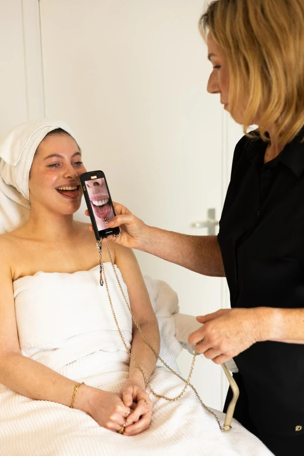We starten elke behandeling in mijn praktijk Beautysalon Delejo met een uitgebreide intake. Tijdens de intake kijk ik naar je huid, voer ik een huidmeting uit met de hannah Skin Analyzer én gebruik ik het diagnosemodel van de tonganalyse. Dit model is een mix tussen huid-, gelaats- en tongdiagnostiek. De tong geeft een bevestiging van de oorzaak van huidproblemen die aan de buitenkant zichtbaar zijn. Immers, de huidconditie is een directe afspiegeling van het inwendige lichaam. De tong laat precies zien hoe het ervoor staat met de weerstand en vitaliteit van jouw inwendige systeem. Ook je mentale en emotionele gemoedstoestand en de werking van je organen (fysiologische processen) zijn zichtbaar op je tong.
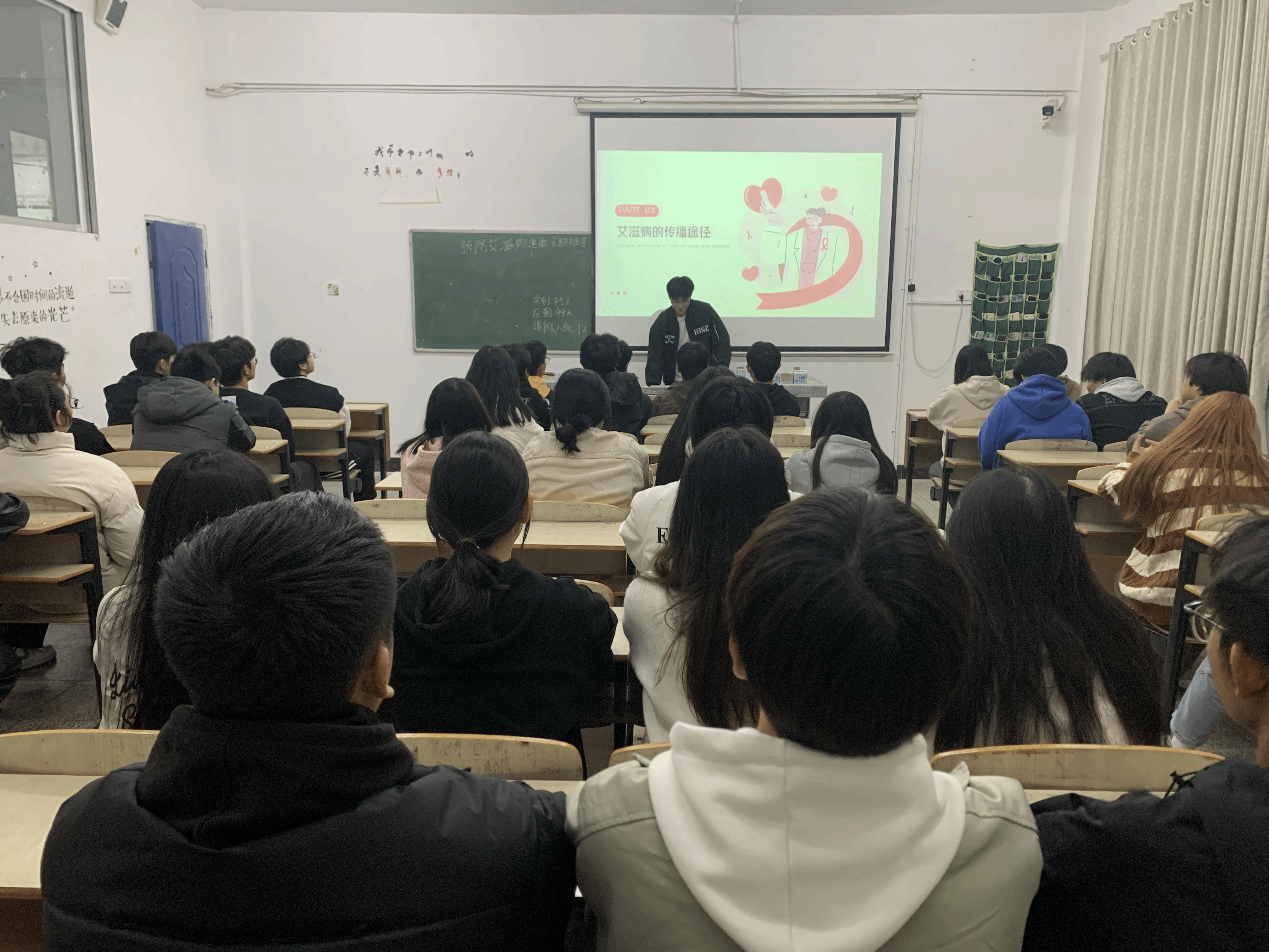 为提高学生对艾滋病的认知和了解,传授预防艾滋病的知识和技能,帮助他们树立正确的健康观念、培养健康的行为习惯,从而减少感染艾滋病的风险。信息工程学院于2023年11月26日晚8点在教学楼开展“预防艾滋病健康教育”主题班会。
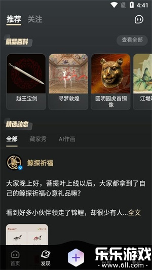 3、发现精选的动态,各种藏家秀、AI作画等;
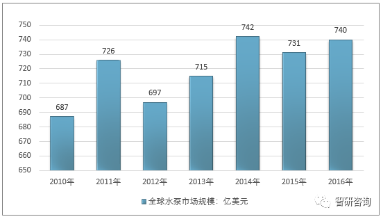 由于市場(chǎng)需求與價(jià)格的變動(dòng),近年來全球水泵產(chǎn)業(yè)市場(chǎng)規(guī)模呈現(xiàn)一定的波動(dòng)性,2016年全球水泵產(chǎn)業(yè)市場(chǎng)規(guī)模達(dá)740億美元,較2015年的731億美元增長(zhǎng)1.24%。
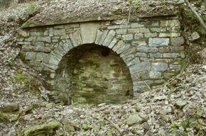Vorher: Das 1991 mit einer 6 m starken Betonblombe verwahrte Mundloch des „Engländerstolln“ vor der Aufwältigung im Jahre 2003.
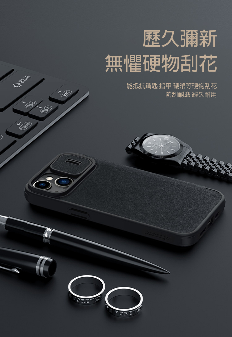 NILLKIN Apple iPhone 15 秦系列 Pro 皮套(素皮/布紋款)(淺黛青)
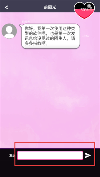 2、在【回复输入框】中输入礼貌的回应,如【你好,请多指教】,能有效推进与【前园光】的对话进程。
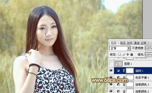 Photoshop给绿树边的美女加上韩系暖褐色(5)

### ABOUT THIS TASK
Nothing but the lines from the one that contains "Vorher: Das 1991" through the end of the material above is to be reproduced, exactly and without pictures.

### RESPONSE FOR THIS EXERCISE
Vorher: Das 1991 mit einer 6 m starken Betonblombe verwahrte Mundloch des „Engländerstolln“ vor der Aufwältigung im Jahre 2003.
 NILLKIN Apple iPhone 15 秦系列 Pro 皮套(素皮/布紋款)(淺黛青)
 2、在【回复输入框】中输入礼貌的回应,如【你好,请多指教】,能有效推进与【前园光】的对话进程。
 Photoshop给绿树边的美女加上韩系暖褐色(5)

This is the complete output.